To compute, the idea is we'd write a series of drush commands that would be run periodically to do all the heavy lifting to compute the right statistics for a given week. These commands would insert records into the project_metrics module's DB tables. Then, project_metrics would provide various ways to access and display the data (see below).

The basic architecture of the module is that it would invoke a hook to allow other modules to advertise what metrics they want to provide. The project_metrics module would then be responsible for invoking the appropriate functions in the other modules at the right frequency and storing the results. So, project_metrics itself wouldn't know how to query the issue database tables looking for statistics. That'd still be the responsibility of the project_issue module. However, project_issue wouldn't have to worry about invoking itself via cron, wouldn't have to manage its own tables to store the historical data, etc.

Front-end display

So how would all this data be visible on drupal.org? The key metrics would be exposed via sparklines on the project page itself. Depending on how many metrics we end up with, we might need to add a tab off project pages (or use JS to show/hide the full list of metrics) so that it's possible to drill down and find as many statistics as we provide, without overwhelming the user with all of that data directly on the default project pages. My vision is that there's an easy way to see 5 - 10 sparklines, each with datapoints at 1 week granularity, all vertically stacked so the weeks line up. That way, you can see how the different metrics correlate. So long as the scale of the horizontal axis is the same on all graphs (so they line up and are easy to compare), we can use a different scale for the vertical axis for each sparkline so that they all make the most visual sense (e.g. the number of releases in a week is probably going to be 0-4 most of the time, whereas the number of issue comments or lines of code added/removed could be in the hundreds or thousands). With the charts stacked so the weeks line up, you could easily see for example that one week the "number of lines of code added/removed" sparkline goes nuts, and the "number of open bugs" chart started climbing soon thereafter. ;)

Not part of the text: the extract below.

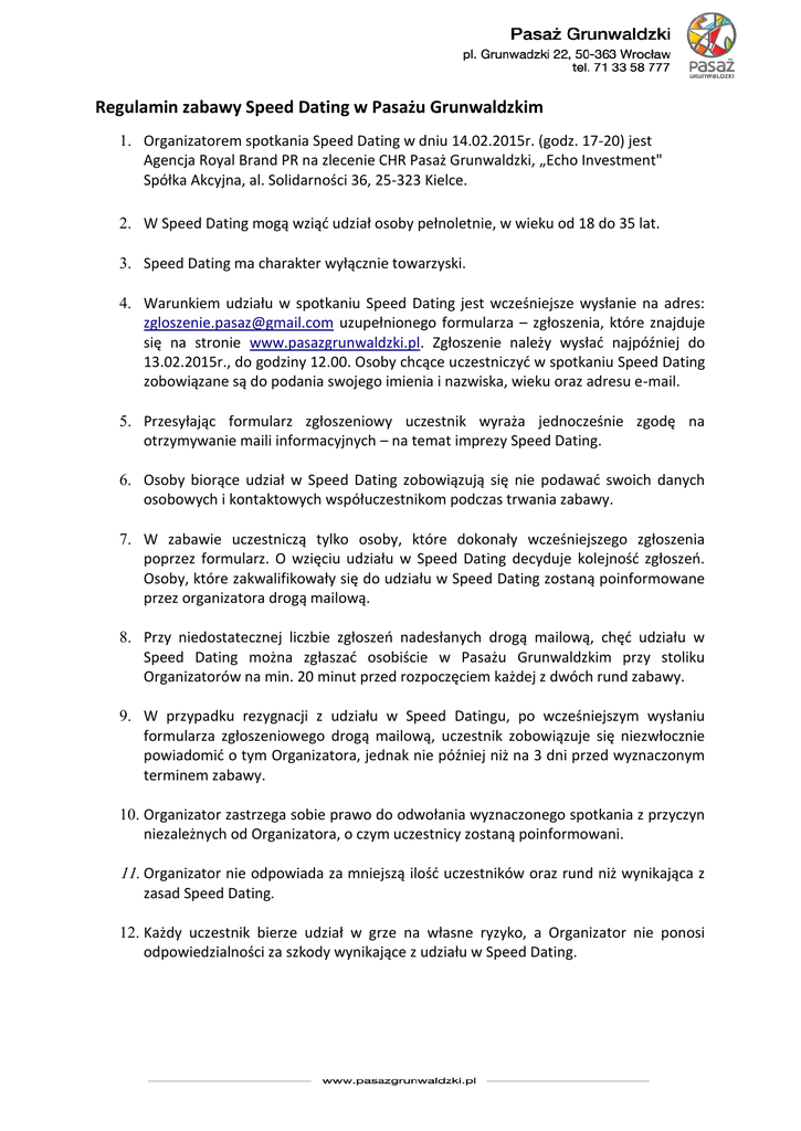 Regulamin zabawy Speed Dating w Pasażu Grunwaldzkim Organizatorem spotkania Speed Dating w dniu 14.02.2015r. (godz. 17-20) jest Agencja Royal Brand PR na zlecenie CHR Pasaż Grunwaldzki, „Echo Investment" Spółka Akcyjna, al. Solidarności 36, 25-323 Kielce. W Speed Dating mogą wziąć udział osoby pełnoletnie, w wieku od 18 do 35 lat. Speed Dating ma charakter wyłącznie towarzyski. Warunkiem udziału w spotkaniu Speed Dating jest wcześniejsze wysłanie na adres: [email protected] uzupełnionego formularza – zgłoszenia, które znajduje się na stronie www.pasazgrunwaldzki.pl. Zgłoszenie należy wysłać najpóźniej do 13.02.2015r., do godziny 12.00. Osoby chcące uczestniczyć w spotkaniu Speed Dating zobowiązane są do podania swojego imienia i nazwiska, wieku oraz adresu e-mail. Przesyłając formularz zgłoszeniowy uczestnik wyraża jednocześnie zgodę na otrzymywanie maili informacyjnych – na temat imprezy Speed Dating. Osoby biorące udział w Speed Dating zobowiązują się nie podawać swoich danych osobowych i kontaktowych współuczestnikom podczas trwania zabawy. W zabawie uczestniczą tylko osoby, które dokonały wcześniejszego zgłoszenia poprzez formularz. O wzięciu udziału w Speed Dating decyduje kolejność zgłoszeń. Osoby, które zakwalifikowały się do udziału w Speed Dating zostaną poinformowane przez organizatora drogą mailową. Przy niedostatecznej liczbie zgłoszeń nadesłanych drogą mailową, chęć udziału w Speed Dating można zgłaszać osobiście w Pasażu Grunwaldzkim przy stoliku Organizatorów na min. 20 minut przed rozpoczęciem każdej z dwóch rund zabawy. W przypadku rezygnacji z udziału w Speed Datingu, po wcześniejszym wysłaniu formularza zgłoszeniowego drogą mailową, uczestnik zobowiązuje się niezwłocznie powiadomić o tym Organizatora, jednak nie później niż na 3 dni przed wyznaczonym terminem zabawy. Organizator zastrzega sobie prawo do odwołania wyznaczonego spotkania z przyczyn niezależnych od Organizatora, o czym uczestnicy zostaną poinformowani. Organizator nie odpowiada za mniejszą ilość uczestników oraz rund niż wynikająca z zasad Speed Dating. Każdy uczestnik bierze udział w grze na własne ryzyko, a Organizator nie ponosi odpowiedzialności za szkody wynikające z udziału w Speed Dating.

There are some metrics and statistics specifically about the issue queues that are already on drupal.org, they're just mostly hidden. For example, you can view statistics about the Drupal core issue queue. This page will probably get some much-needed attention (it hasn't been touched in years). Although none of the UI parts of this proposal are set in stone, it's likely that we'll update these per-project issue statistics pages to include more of the issue-related metrics discussed above. The idea is that we'd put the current week's raw data in the tables near the top of the page, and then provide sparklines below to see how those values have changed over the weeks of the last year.

Additionally, we're going to expose some of these metrics to Solr to make it possible to filter and sort projects by various metrics. We've already done this with the project usage data (for example, this is the default sort order when you browse module projects on drupal.org). So, in addition to being able to sort by "Most installed" (and hopefully soon, "Most downloaded"), you might also be able to sort by "Most active issue queue", "Smallest % of open bugs", "Most commit activity", etc.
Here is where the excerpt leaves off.